FDA approves painkiller 1,000 times more powerful than morphine - mancerayder
https://www.wivb.com/news/national/fda-approves-painkiller-1-000-times-more-powerful-than-morphine/1572647103
======
dang
[https://news.ycombinator.com/item?id=18366321](https://news.ycombinator.com/item?id=18366321)

------
Someone1234
Seems like this was primarily designed for military applications. To quote the
article:

> The pill from AcelRx Pharmaceuticals contains the same decades-old
> painkiller often given in IV form or injection to surgical patients and
> women in labor. [..] The pills contain sufentanil, a chemical cousin of the
> opioid fentanyl.

So this drug is already highly available in hospitals via IV, this turns the
IV into a pill, and the primary use-cases seem to be on the battlefield (where
placing an IV may be dangerous both for sanitary reasons but also for
practical reasons, like bullets whizzing by).

> Gottlieb noted the pill was a high priority for the Department of Defense,
> which helped fund testing, because it wanted a way to provide fast pain
> relief to injured soldiers. The tablet, placed under the tongue with a
> dispenser, starts reducing pain in 15 to 30 minutes.

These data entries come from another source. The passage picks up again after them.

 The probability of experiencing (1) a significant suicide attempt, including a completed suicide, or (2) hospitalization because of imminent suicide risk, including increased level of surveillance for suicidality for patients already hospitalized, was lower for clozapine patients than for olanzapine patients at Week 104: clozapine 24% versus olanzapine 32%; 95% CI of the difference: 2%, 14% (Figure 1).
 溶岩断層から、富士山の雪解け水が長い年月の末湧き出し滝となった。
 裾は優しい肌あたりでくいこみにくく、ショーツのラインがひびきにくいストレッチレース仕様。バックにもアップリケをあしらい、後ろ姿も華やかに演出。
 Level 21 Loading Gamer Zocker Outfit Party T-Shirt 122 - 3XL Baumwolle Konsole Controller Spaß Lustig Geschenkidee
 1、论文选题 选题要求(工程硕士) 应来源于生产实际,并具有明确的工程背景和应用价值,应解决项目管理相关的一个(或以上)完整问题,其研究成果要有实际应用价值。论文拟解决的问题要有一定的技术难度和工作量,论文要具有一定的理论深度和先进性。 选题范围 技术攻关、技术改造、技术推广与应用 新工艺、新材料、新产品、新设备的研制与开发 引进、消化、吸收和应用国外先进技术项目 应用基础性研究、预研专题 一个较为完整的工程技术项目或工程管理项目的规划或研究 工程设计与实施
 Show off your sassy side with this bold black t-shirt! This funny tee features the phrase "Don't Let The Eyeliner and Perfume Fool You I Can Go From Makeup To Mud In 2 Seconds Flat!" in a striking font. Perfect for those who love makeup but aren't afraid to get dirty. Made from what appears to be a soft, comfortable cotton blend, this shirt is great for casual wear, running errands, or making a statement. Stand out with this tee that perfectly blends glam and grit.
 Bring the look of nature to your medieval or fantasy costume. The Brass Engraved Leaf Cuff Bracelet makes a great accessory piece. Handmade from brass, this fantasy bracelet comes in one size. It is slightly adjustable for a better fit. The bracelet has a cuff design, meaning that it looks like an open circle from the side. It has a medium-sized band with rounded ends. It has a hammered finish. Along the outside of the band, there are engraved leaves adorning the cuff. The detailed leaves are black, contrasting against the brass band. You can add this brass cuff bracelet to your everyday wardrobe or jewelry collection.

PS - Not trying to imply the pill is bad because it was designed for military
usage, more trying to balance out the misleading title "FDA approves
painkiller 1,000 times more powerful than morphine." That "1,000 times more
powerful" drug is already common as heck and decades old, this is a new
DELIVERY SYSTEM.

------
dahdum
It’s more potent but essentially like every other opiod in action. I think
it’s far more worthwhile to reduce new prescriptions for OxyContin, Percocet,
and Vicodin than worry about niche opioids like this.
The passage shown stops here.